Today’s destruction of Gaza’s electricity power station raises the specter of a severe humanitarian crisis in Gaza because it will severely curtail supply of safe water for drinking and use in hospitals and make safe disposal of sewage almost impossible. That could lead within weeks to epidemic diseases including cholera and dysentery, which has the worst impacts on children, the infirm, old people and women. [icopyright one button toolbar]
Unrecovered bodies buried in the rubble of destroyed neighborhoods will also become breeding grounds for bacteria, virus, infections and airborne diseases since the Gaza Strip houses 1.82 million people in an area just 25 miles long and 3.5 -7.5 miles wide
These prospects underline the urgency of at least a humanitarian truce but that seems out of reach because the Israeli military has not yet finished its missions and Hamas and its allies are not yet ready to lay down arms.
Secretary of State John Kerry and UN Secretary General Ban Ki-moon are trying to use Egypt to mediate a truce as in the past but its new President Abdel Fattah el-Sisi has lost the trust of Hamas.
Israel’s travails have no end in sight although this time Hamas is isolated as never before. It may not yet have lost the will to fight but Israel is no longer its only adversary. It must also contend with Egyptian President Abdel Fattah el-Sisi and Saudi Arabia, which is mostly Salafist Muslim and wants to break the back of Egypt’s less conservative Sunni Muslim Brotherhood that nurtured Hamas.
This time the suffering of Gaza’s civilians will owe as much to Sisi’s loathing for Hamas as the might of Israel’s awesome military. The situation has become so dire for Hamas that it now seems to define victory as simply standing up in resistance to both Israel and Egypt.
Confronted by Hamas nihilism, Prime Minister Benyamin Netanyahu has no effective response. The more his soldiers destroy and kill in Gaza, the more visceral becomes the hatred against Israel of the people of that vulnerable territory. Instead of rejecting Hamas for having brought the hellfire of Israeli power upon them, they turn to it as a savior delivering vengeance. As if the inaccurate homemade rockets of Hamas, sometimes made from drainpipes, allow them to hold their heads up honorably in front of Israel’s wrath.
In Gaza, Sisi is seen increasingly as an Israeli ally, which is an embarrassing situation for his medium-term popularity among the Egyptian people. Surprising diplomatic collaboration seems to be emerging among Israel, Egypt and Saudi Arabia against Hamas because of its links to the Muslim Brotherhood and earlier backing from Iran, Hezbollah and Syria. But the signals from Tel Aviv are still unclear about whether it wants to destroy Hamas or simply deter it for a few more years.
More than previous wars, Israel’s Operation Protective Edge is existential because Hamas now attacks with thousands of long-range rockets from above and battle hardened commandos emerging from tunnels below.
Destroying Hamas is an existential necessity because it is an obdurate terrorist group dedicated to eliminating the Jewish state entirely from the map by any means. In turn, Hamas now says the current war is an existential fight for the people of Gaza because being killed by bombs is better than a slow death from the near total blockades by both Israel and Egypt that have turned the territory into an open prison.

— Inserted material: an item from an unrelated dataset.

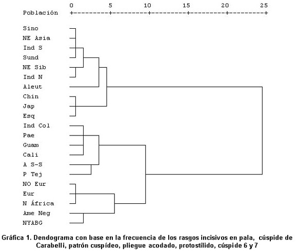 Se observaron altas frecuencias de la cúspide de Carabelli de mediano tamaño (grado 5), patrón cuspídeo +5 y +6, cúspide 7, protostílido (punto P o foramen secum) y pliegue acodado. Los rasgos morfológicos winging, incisivos centrales y laterales en pala, doble pala, número de cúspides y cúspide 6 presentaron frecuencias bajas. Se demostró la simetría bilateral y ausencia de dimorfismo sexual (a excepción de winging, incisivos en pala y protostílido) (Cuadro 2). Mediante las frecuencias de los rasgos incisivos en pala, cúspide de Carabelli, patrón cuspídeo, pliegue acodado, protostílido, cúspide 6 y 7, se hizo una matriz de distancias y se obtuvo un dendrograma que calculó las relaciones biológicas macro-evolutivas de la muestra en estudio con base en modelos geográficos, socio-culturales y biológicos de la distribución y comportamiento de dichos rasgos en grupos poblacionales diferentes (Cuadro 3, Gráfica 1).
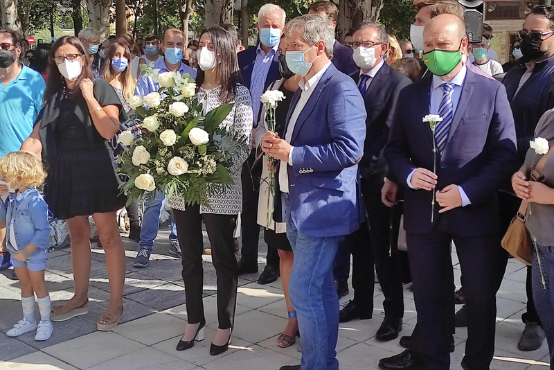 Arrimadas ha asistido este sábado, 18 de septiembre, al homenaje y ofrenda floral organizados en Zaragoza por la Asociación de Víctimas del Terrorismo (AVT) en protesta por los actos en apoyo al etarra Henri Parot, cuyo rastro de terror incluye atentados como el de la casa cuartel de Zaragoza, en 1987, que dejó once muertos, incluidos seis niños.

The people are asphyxiated mainly because Sisi has destroyed nearly 1,650 tunnels linking Egypt to Gaza across the 11km-wide border. The tunnels were lifelines used by Gaza’s people to smuggle all of life’s daily necessities and Hamas to smuggle weapons and money while collecting taxes on commerce.
Sisi treats Hamas like an enemy because he is convinced it sent fighters through the tunnels to foment violent resistance to his government after he deposed Mohamed Morsi of the Muslim Brotherhood in July 2013. Morsi was elected President following the February 2011 fall of Hosni Mubarak’s military dictatorship.
Sisi has declared the Muslim Brotherhood a terrorist organization. Together with the Saudis, he seems to believe — perhaps foolishly in a world of globalized terror — that the nearly century-old underground resistance movement will not be able to rise again if Hamas can no longer help it. He may be placing too much trust in Saudi Salafists, forgetting that Salafism inspired al Qaeda and now the awful ISIL in Syria and Iraq.
Hamas has pretensions to using the current war as leverage to obtain an end to the blockades to restore some normalcy to life in Gaza. But that may be a pipedream since it has no powerful diplomatic allies.
Almost all Arab countries other than tiny Qatar have remained silent and non-Arab Turkey is the only Muslim nation to have spoken out strongly in favor of Gaza’s people and against Israel. That may be partly because rivalry with Saudi power in the wider Middle East prompts Ankara to support the Muslim Brotherhood, which Saudi Salafists see as a threat to their influence over Islam as a whole.
Yet again, Israeli civilians face intolerable insecurity because Arab politics has murkier agendas than installing peace in the Middle East. Israel’s presence and Palestinian pain are used to mask other power struggles among Muslims.